=== WORK TO BE COMPLETED ===
Transcription, pictures excluded: write out the data below exactly.
Top of COLLECTED MATERIAL
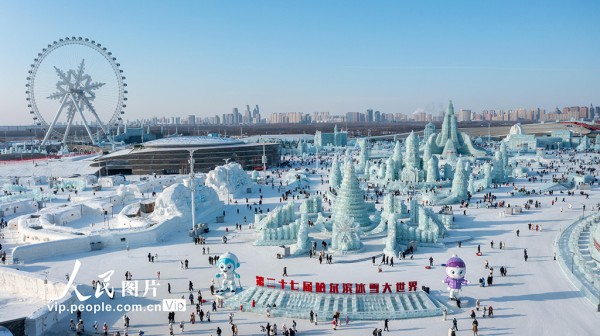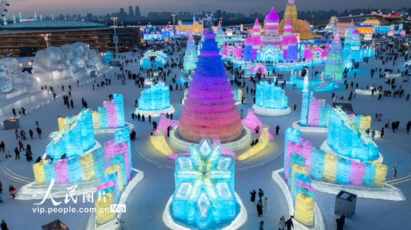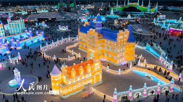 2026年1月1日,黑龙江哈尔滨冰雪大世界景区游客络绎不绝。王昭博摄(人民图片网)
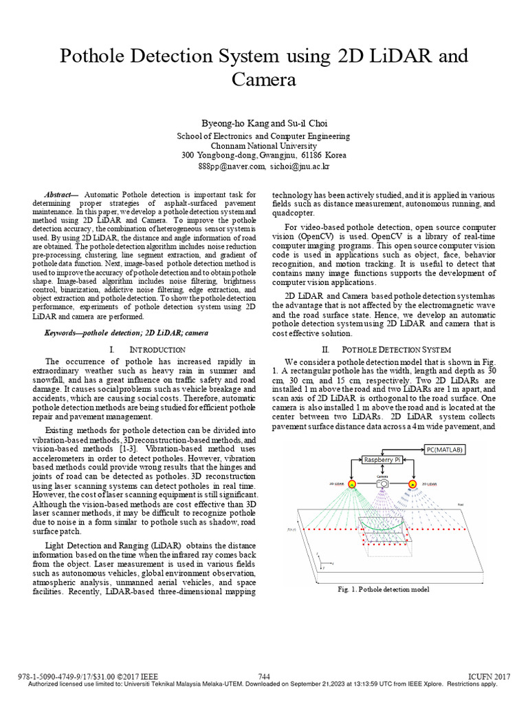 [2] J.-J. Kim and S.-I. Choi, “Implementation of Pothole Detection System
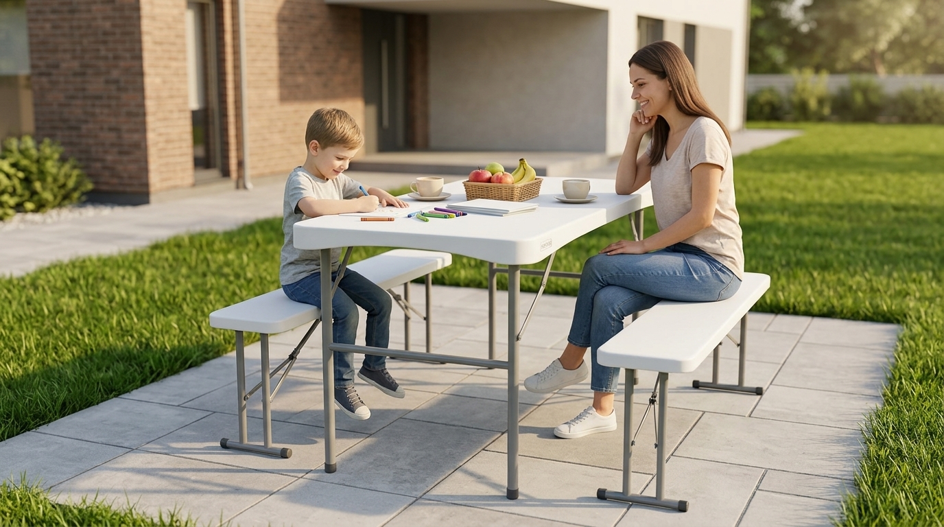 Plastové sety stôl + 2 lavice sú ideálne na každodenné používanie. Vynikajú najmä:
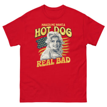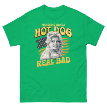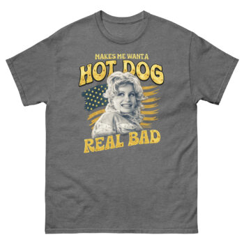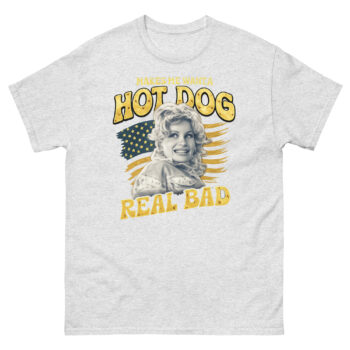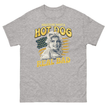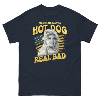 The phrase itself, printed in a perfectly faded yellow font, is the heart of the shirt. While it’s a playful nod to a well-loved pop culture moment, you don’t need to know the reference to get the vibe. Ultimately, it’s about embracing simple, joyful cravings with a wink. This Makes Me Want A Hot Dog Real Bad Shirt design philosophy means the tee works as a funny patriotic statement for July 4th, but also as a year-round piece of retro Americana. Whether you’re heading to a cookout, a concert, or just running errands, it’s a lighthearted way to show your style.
Bottom of COLLECTED MATERIAL
=== RESPONSE AREA ===
 2026年1月1日,黑龙江哈尔滨冰雪大世界景区游客络绎不绝。王昭博摄(人民图片网)
 [2] J.-J. Kim and S.-I. Choi, “Implementation of Pothole Detection System
 Plastové sety stôl + 2 lavice sú ideálne na každodenné používanie. Vynikajú najmä:
 The phrase itself, printed in a perfectly faded yellow font, is the heart of the shirt. While it’s a playful nod to a well-loved pop culture moment, you don’t need to know the reference to get the vibe. Ultimately, it’s about embracing simple, joyful cravings with a wink. This Makes Me Want A Hot Dog Real Bad Shirt design philosophy means the tee works as a funny patriotic statement for July 4th, but also as a year-round piece of retro Americana. Whether you’re heading to a cookout, a concert, or just running errands, it’s a lighthearted way to show your style.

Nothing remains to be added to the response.